Your task is to transcribe the data exactly while omitting each picture.

**THE DATA**
= = =

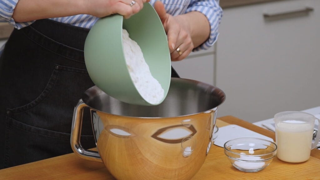 - Za dizano tijesto pomiješati sve suhe sastojke. Potom uliti toplo mlijeko pa umijesiti tijesto.
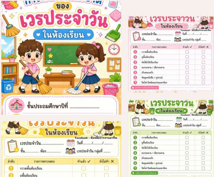 ฟรีสื่อการเรียนการสอน แบบบันทึกการทำความสะอาดของเวรประจำวัน
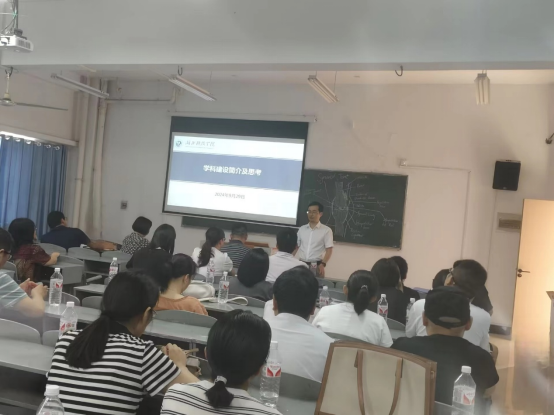 蔡飞主要就学科建设内涵、学科建设发展现状、学科建设目标和举措三个方面作了扼要介绍。他首先解读了学科建设在高校中的六大核心职能:队伍建设、人才培养、科学研究、社会服务、文化传承和国际交流。接着,他详细回顾了学科建设的发展现状,包括学科门类的发展、“十二五”湖北省重点学科的建设、国家级与省级科研平台的搭建,以及省级产业平台的推进,为学院的未来发展指明了努力方向。同时,蔡飞明确了今后学院学科建设的目标:打造基础一流学科、培育优秀人才、产出卓越成果;并从加强师资队伍建设、促进学科交叉融合、提升科研创新能力、深化教学改革、加强国际合作与交流以及推动产学研一体化等方面提出具体举措。

= = =

**THE ANSWER**
 - Za dizano tijesto pomiješati sve suhe sastojke. Potom uliti toplo mlijeko pa umijesiti tijesto.
 ฟรีสื่อการเรียนการสอน แบบบันทึกการทำความสะอาดของเวรประจำวัน
 蔡飞主要就学科建设内涵、学科建设发展现状、学科建设目标和举措三个方面作了扼要介绍。他首先解读了学科建设在高校中的六大核心职能:队伍建设、人才培养、科学研究、社会服务、文化传承和国际交流。接着,他详细回顾了学科建设的发展现状,包括学科门类的发展、“十二五”湖北省重点学科的建设、国家级与省级科研平台的搭建,以及省级产业平台的推进,为学院的未来发展指明了努力方向。同时,蔡飞明确了今后学院学科建设的目标:打造基础一流学科、培育优秀人才、产出卓越成果;并从加强师资队伍建设、促进学科交叉融合、提升科研创新能力、深化教学改革、加强国际合作与交流以及推动产学研一体化等方面提出具体举措。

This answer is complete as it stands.